##### Records provided

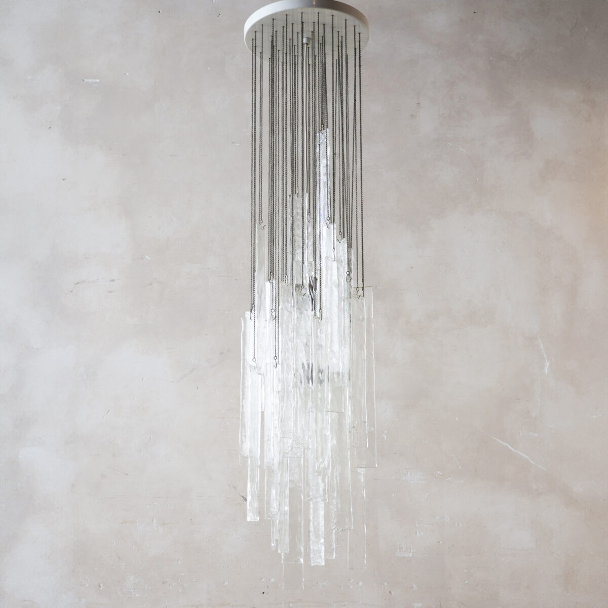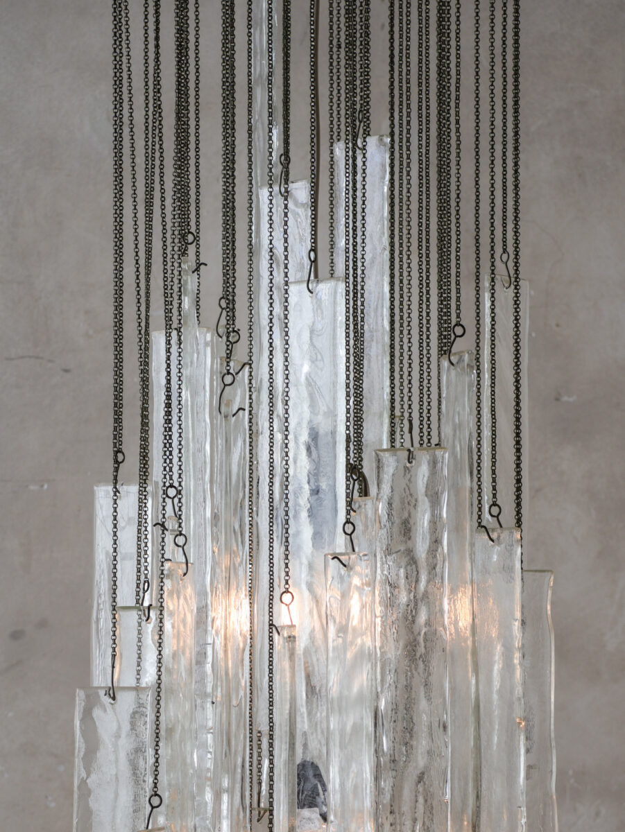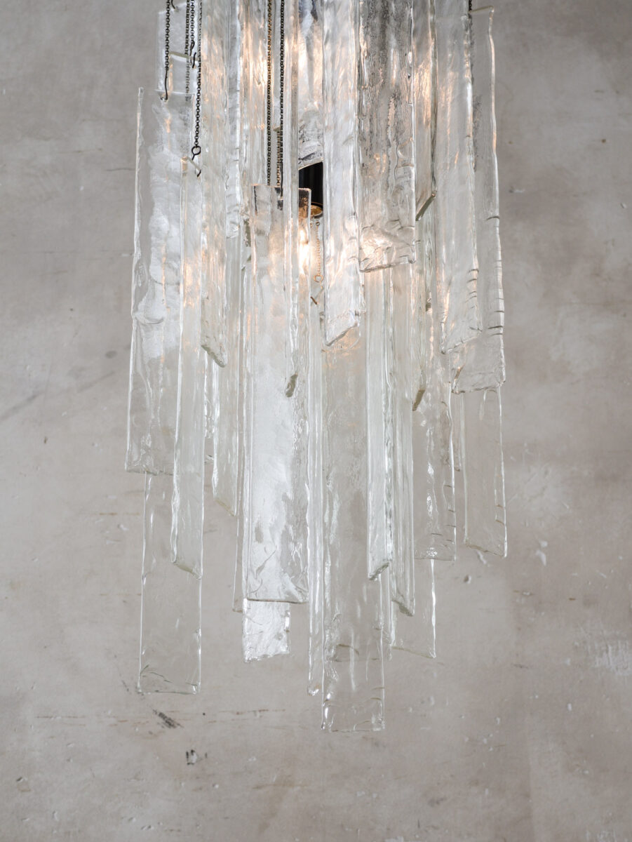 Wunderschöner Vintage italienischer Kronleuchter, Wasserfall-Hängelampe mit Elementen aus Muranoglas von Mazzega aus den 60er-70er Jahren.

##########
##### Records provided

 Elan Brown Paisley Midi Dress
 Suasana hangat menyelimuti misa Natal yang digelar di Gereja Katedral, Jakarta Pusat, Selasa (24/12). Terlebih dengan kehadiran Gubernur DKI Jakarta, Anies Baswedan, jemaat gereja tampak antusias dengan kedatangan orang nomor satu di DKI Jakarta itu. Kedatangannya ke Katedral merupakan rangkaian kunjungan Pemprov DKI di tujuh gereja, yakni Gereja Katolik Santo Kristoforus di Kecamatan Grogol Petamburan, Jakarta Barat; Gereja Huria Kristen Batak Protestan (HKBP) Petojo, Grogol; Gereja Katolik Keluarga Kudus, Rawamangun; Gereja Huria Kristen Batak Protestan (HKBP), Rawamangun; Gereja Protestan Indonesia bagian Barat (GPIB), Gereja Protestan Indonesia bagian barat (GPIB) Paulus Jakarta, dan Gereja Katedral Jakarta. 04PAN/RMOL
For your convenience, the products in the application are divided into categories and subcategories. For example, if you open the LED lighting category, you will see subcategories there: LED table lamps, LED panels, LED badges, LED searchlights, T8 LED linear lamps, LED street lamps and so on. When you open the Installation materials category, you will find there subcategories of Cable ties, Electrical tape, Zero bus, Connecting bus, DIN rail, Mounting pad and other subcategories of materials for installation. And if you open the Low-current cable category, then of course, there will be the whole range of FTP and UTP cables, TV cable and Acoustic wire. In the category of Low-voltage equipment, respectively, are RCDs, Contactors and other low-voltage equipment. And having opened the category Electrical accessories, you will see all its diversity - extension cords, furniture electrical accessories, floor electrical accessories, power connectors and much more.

##########

> _Task objective_
In the entries above, find the line holding "Suasana hangat menyelimuti" and the line holding "For your convenience, the", then retype exactly those two lines and every line between them, and nothing else.

> _Solution to this task_
 Suasana hangat menyelimuti misa Natal yang digelar di Gereja Katedral, Jakarta Pusat, Selasa (24/12). Terlebih dengan kehadiran Gubernur DKI Jakarta, Anies Baswedan, jemaat gereja tampak antusias dengan kedatangan orang nomor satu di DKI Jakarta itu. Kedatangannya ke Katedral merupakan rangkaian kunjungan Pemprov DKI di tujuh gereja, yakni Gereja Katolik Santo Kristoforus di Kecamatan Grogol Petamburan, Jakarta Barat; Gereja Huria Kristen Batak Protestan (HKBP) Petojo, Grogol; Gereja Katolik Keluarga Kudus, Rawamangun; Gereja Huria Kristen Batak Protestan (HKBP), Rawamangun; Gereja Protestan Indonesia bagian Barat (GPIB), Gereja Protestan Indonesia bagian barat (GPIB) Paulus Jakarta, dan Gereja Katedral Jakarta. 04PAN/RMOL
For your convenience, the products in the application are divided into categories and subcategories. For example, if you open the LED lighting category, you will see subcategories there: LED table lamps, LED panels, LED badges, LED searchlights, T8 LED linear lamps, LED street lamps and so on. When you open the Installation materials category, you will find there subcategories of Cable ties, Electrical tape, Zero bus, Connecting bus, DIN rail, Mounting pad and other subcategories of materials for installation. And if you open the Low-current cable category, then of course, there will be the whole range of FTP and UTP cables, TV cable and Acoustic wire. In the category of Low-voltage equipment, respectively, are RCDs, Contactors and other low-voltage equipment. And having opened the category Electrical accessories, you will see all its diversity - extension cords, furniture electrical accessories, floor electrical accessories, power connectors and much more.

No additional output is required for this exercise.